#  Web scrapping different news websites for Covid-19 headlines. 

This notebook deals with web scrapping. The data on the websites are unstructured, web scraping helps collect these unstructured data and store it in a structured form. There are different ways to scrap websites such as online services, APIs or by writing our own code. In this article, we’ll see how to implement web scraping with python using BeautifulSoup library.
 
We are basically scrapping three websites which belong to three different news organizations (CNN, NBC, CNBC) for Covid-19 related headlines.
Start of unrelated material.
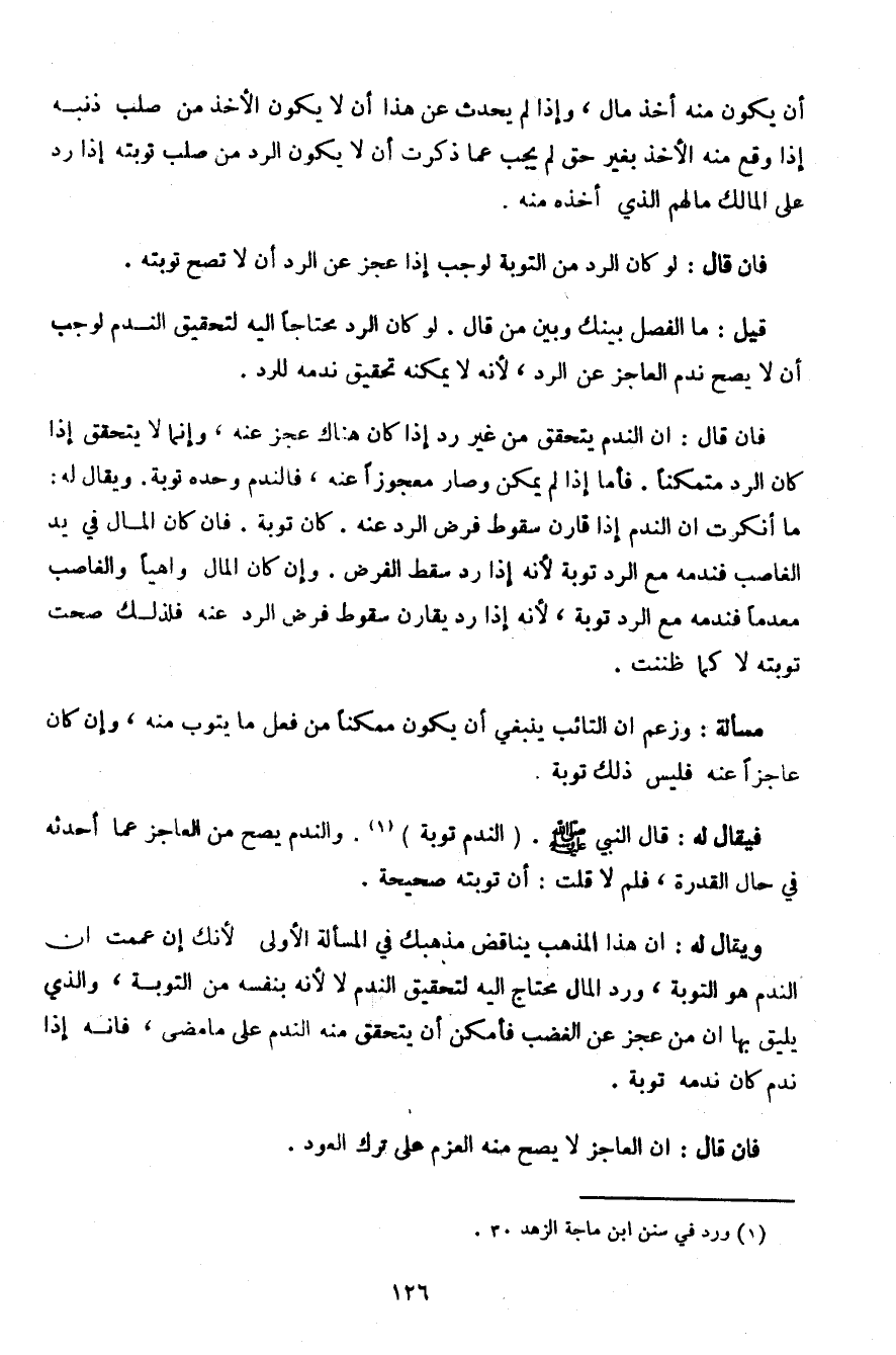 ويقال له: إن هذا المذهب يناقض مذهبك في المسألة الأولى لأنك إن عممت أن الندم هو التوبة، ورد المال محتاج إليه لتحقيق الندم لا لأنه بنفسه من التوبة، والذي يليق بها إن من عجز عن الغضب فأمكن أن يتحقق منه الندم على ما مضى، فإنه إذا ندم كان ندمه توبة.

This additional data obtained by web scrapping these websites can be used for complementing any existing dataset related to Covid-19 to perform better analysis.

In [19]:
#importing all the necessary libraries
from datetime import date
from bs4 import BeautifulSoup
import requests
import spacy
import en_core_web_sm
import pandas as pd

In [20]:
#collecting all the news website urls
cnn_url= 'https://www.cnn.com/world/live-news/coronavirus-pandemic-07-07-20-intl/index.html'
nbc_url= "https://www.nbcnews.com/health/coronavirus"
cnbc_rss_url = "https://www.cnbc.com/id/10000108/device/rss/rss.html"    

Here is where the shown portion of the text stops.